What is the average PE ratio of Platform - Education deep value stocks?

The average PE ratio of Platform - Education deep value stocks is 16.6x. Deep value stocks typically trade at lower PE multiples relative to their sector peers, reflecting the market's skepticism about their recovery.

Is the earnings recovery in Platform - Education sustainable?

Sustainability indicators for the Platform - Education deep value earnings recovery

  • A sustainable recovery shows more stocks accelerating than decelerating.

Is Platform - Education a contrarian opportunity worth studying?

Platform - Education as a contrarian opportunity — key research signals

  • 1 stock underperforming the market (contrarian setup)
  • 1 stock appears undervalued based on fair value analysis
  • Contrarian investing requires patience.

What is the typical recovery timeline for deep value stocks?

Deep value stock recovery timelines vary, but historical patterns suggest

  • 1-2 quarters: Earnings inflection detected, market still skeptical
  • 2-4 quarters: Consistent earnings improvement builds confidence
  • 4-6 quarters: Market re-rates, stock price catches up to fundamentals
  • Some stocks never recover — continuous monitoring is essential
  • Timelines are approximate and based on historical patterns.

What is deep value investing?

Deep value investing is a strategy of studying stocks that are underperforming the market despite showing improving fundamentals (earnings growth, margin expansion).

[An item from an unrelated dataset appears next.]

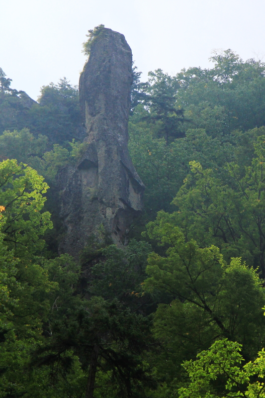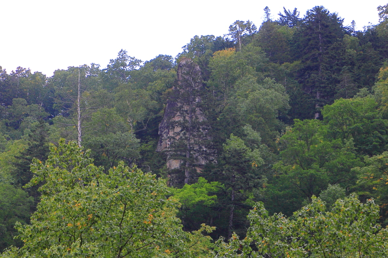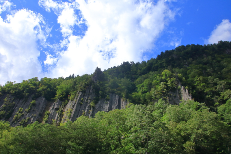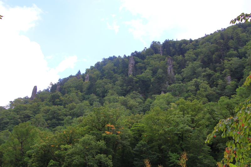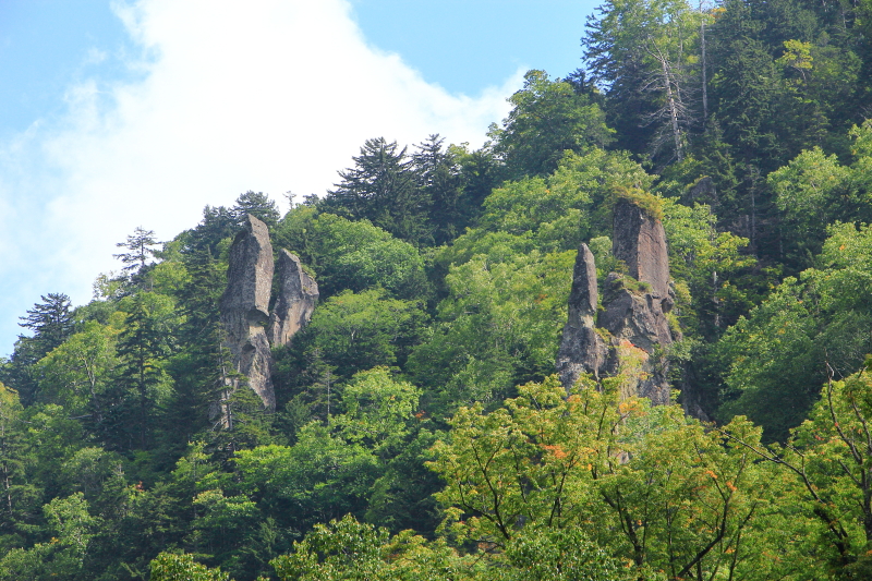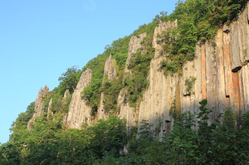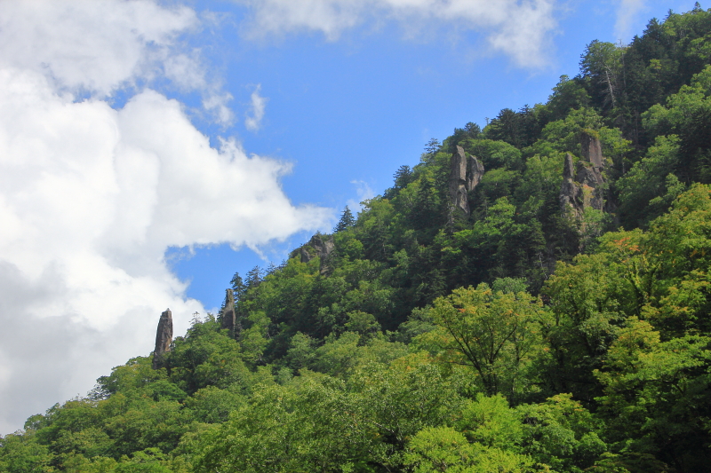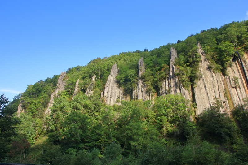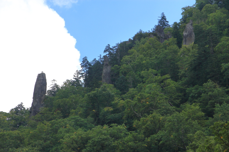 尖った柱状節理7本が天に向かってそびえ立っている。羽衣トンネルと天人峡トンネル間の駐車場から清流橋にかけてが良く見える。(2019年9月10日撮影)

The thesis is that the market has not yet recognized the earnings recovery, creating a potential valuation gap.

  • These stocks typically underperform indices like Nifty 500
  • They show positive earnings trends (PAT growth, revenue growth)
  • The market eventually re-rates them as earnings improvements sustain
  • It requires patience — recovery can take several quarters

The above FAQs are based on publicly available financial data. This is educational research only. Sector Alpha is not SEBI registered and does not provide investment advice.